That is a nice tractor it sure has some big balloon tires on it  Cant wait to see the other pictures from the show.


----------



## Live Oak

That is a sweet lookin' 820. At 76 hp, 2 cylinders, and 472 cubic inches. That machine was a torque thumper to rival modern tractors.


----------



## psrumors

*Picture Link*

This a link to 188 pictures from the show. They are relatively small. If you find a picture you would like let me know, I still have the full size orginals that are capable of being blown up to see certain details.

Hope you enjoy.

Cumming Tractor Show Pictures


----------



## memmurphy

Thanks for sharing PS 

I enjoyed them.  

Mark


----------



## Steve

This was my first tractor show.
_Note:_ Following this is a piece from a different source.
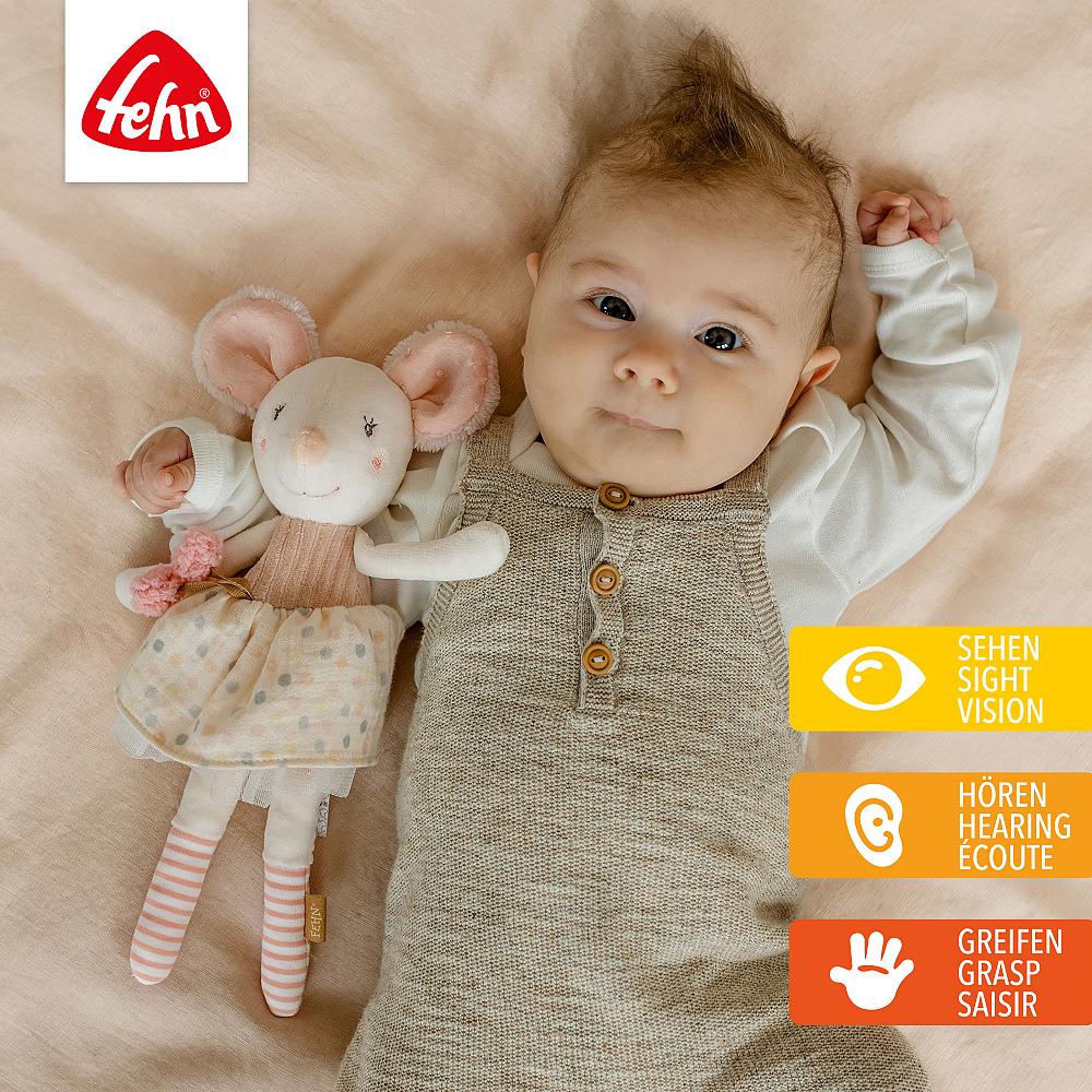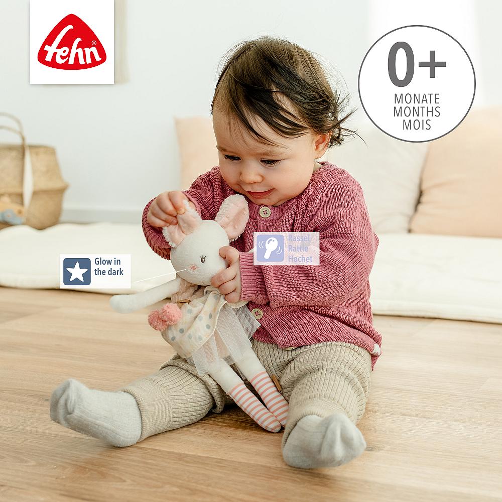 Die „Glow-in-the-dark“ Bestickung leuchtet im Dunkeln und so ist sie nachts eine tolle Beschützerin und Schlafbegleiterin. Sie lässt sich wunderbar knautschen und die Granulat-Füllung animiert zum Fühlen und Greifen. Die niedliche Maus ist die perfekte erste Freundin für Babys von Geburt an und eine tolle Begleiterin für zuhause & unterwegs!

It was great! I absolutely love the old steam powered Case tractors. I could not believe the one that literaly took two people to drive. It was as big as a house. Lots of beautiful tractors. 

Lots of JD Green and IH Red. And a little of everything else. They had a nice Ford Jubilee that had been restored. 

I think I would like to get one of those little engines to fool around with. I get they run off a magneto. They were pretty cool. 

I had my wife with me....she enjoyed it as well. I cant wait for the next show!


----------



## jodyand

Thanks psrumors looks like a nice show thanks for the link you took a heck of alot of pictures.


----------